● DATASET SECTION:
________________________

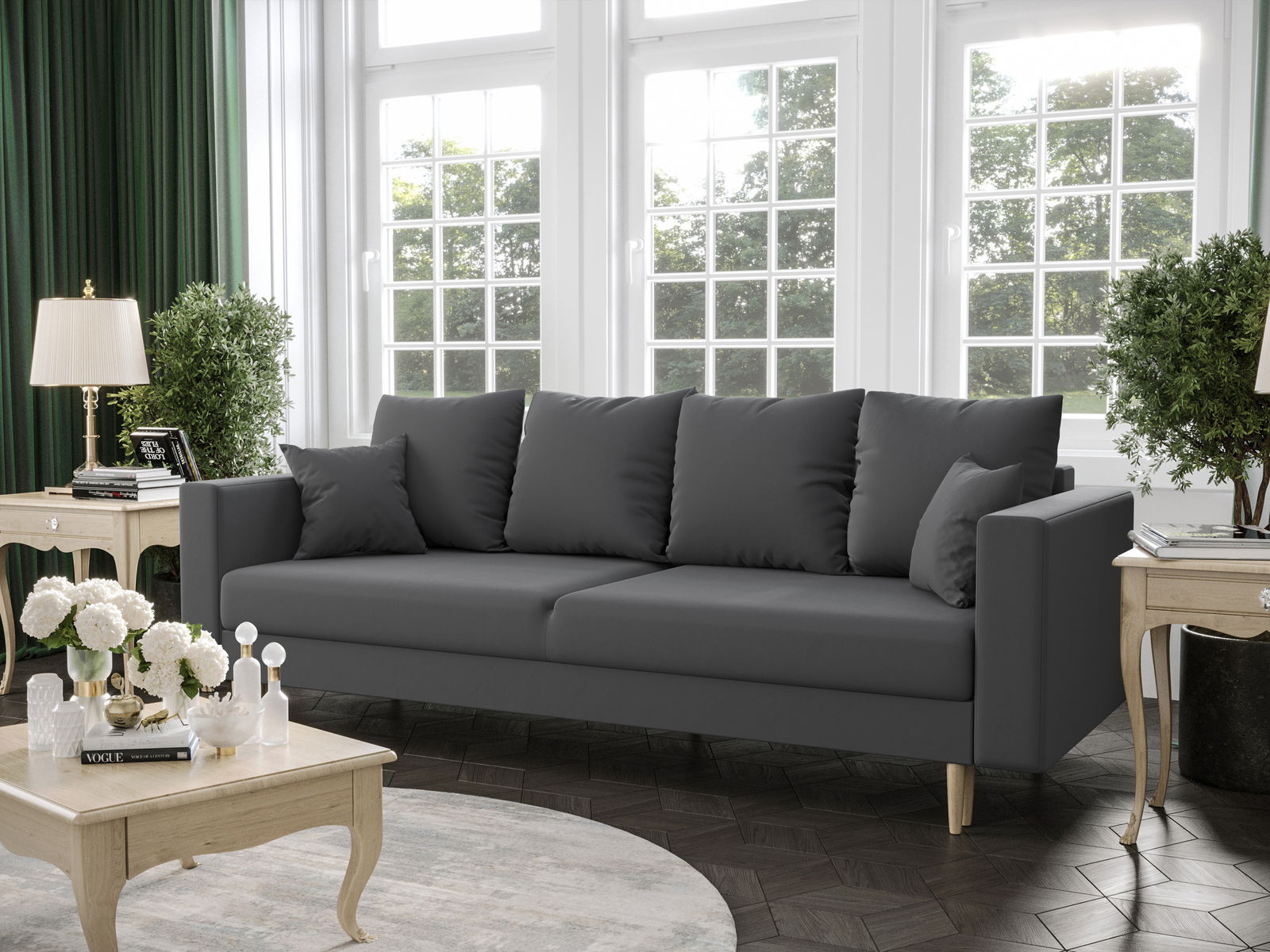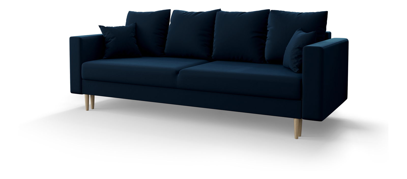 Tmavě modrá barva sedačky je nadčasová a snadno se kombinuje s různými styly interiéru – od minimalistického, přes skandinávský až po industriální nebo moderní. Dřevěné nožičky vysoké 10 cm dodávají nábytku lehkost a přirozený vzhled, který oživí každý prostor. Součástí jsou čtyři velké opěrkové a dva menší dekorační polštáře s výplní z frézované pěny, které zvyšují komfort a zároveň umožňují variabilitu uspořádání podle vašich potřeb.
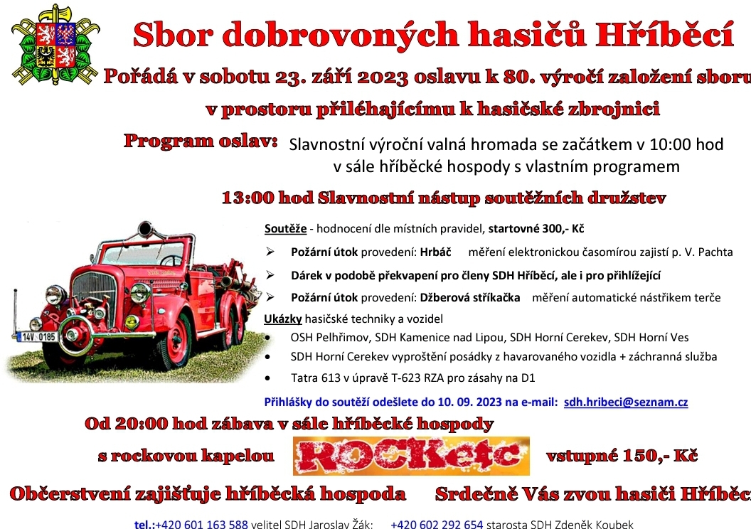 OSLAVA 80.VÝROČÍ ZALOŽENÍ SDH HŘÍBĚCÍ
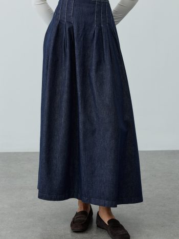A maxi-length skirt crafted from denim woven fabric, featuring a high waist, prominent stitching, pleated details, and a hidden zipper
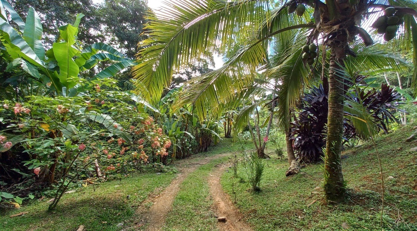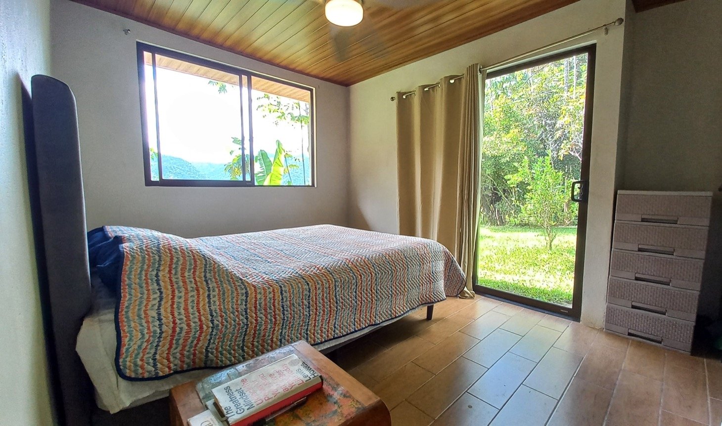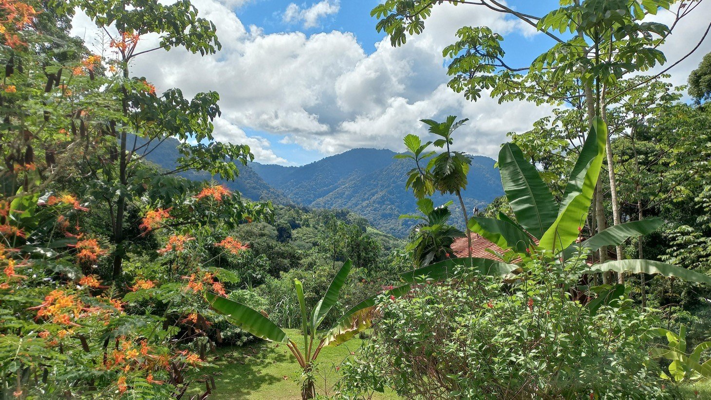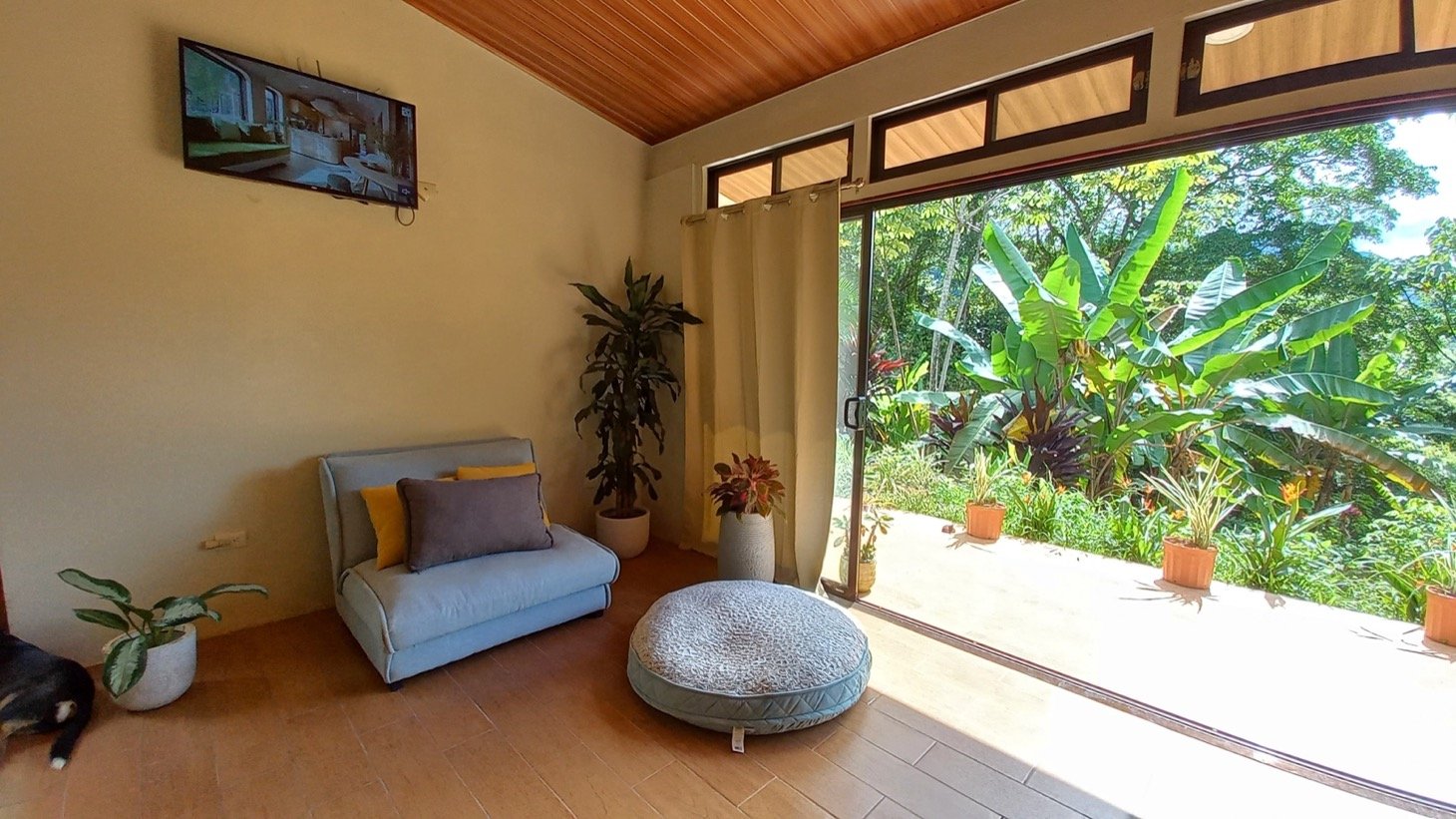 Perched above the village of Tres Rios, this sweet 2 bedroom, 2 bath home has lovely mountain views and fresh breezes 24/7. This 1.5 acre property is a gardeners’ delight, lushly landscaped with a wide variety of flowering bushes and mature fruit trees. The modest home is nicely furnished with fantastic views from the large mountain-facing terrace and master bedroom. A large, attached carport can accommodate a couple of vehicles, while a laundry station on the backside of the home. Plenty of space to string up your hammock or build a yoga deck

________________________

● EXERCISE INSTRUCTIONS:
The full listing above, duplicated exactly and without its pictures, is the answer.

● REPLY:
 Tmavě modrá barva sedačky je nadčasová a snadno se kombinuje s různými styly interiéru – od minimalistického, přes skandinávský až po industriální nebo moderní. Dřevěné nožičky vysoké 10 cm dodávají nábytku lehkost a přirozený vzhled, který oživí každý prostor. Součástí jsou čtyři velké opěrkové a dva menší dekorační polštáře s výplní z frézované pěny, které zvyšují komfort a zároveň umožňují variabilitu uspořádání podle vašich potřeb.
 OSLAVA 80.VÝROČÍ ZALOŽENÍ SDH HŘÍBĚCÍ
A maxi-length skirt crafted from denim woven fabric, featuring a high waist, prominent stitching, pleated details, and a hidden zipper
 Perched above the village of Tres Rios, this sweet 2 bedroom, 2 bath home has lovely mountain views and fresh breezes 24/7. This 1.5 acre property is a gardeners’ delight, lushly landscaped with a wide variety of flowering bushes and mature fruit trees. The modest home is nicely furnished with fantastic views from the large mountain-facing terrace and master bedroom. A large, attached carport can accommodate a couple of vehicles, while a laundry station on the backside of the home. Plenty of space to string up your hammock or build a yoga deck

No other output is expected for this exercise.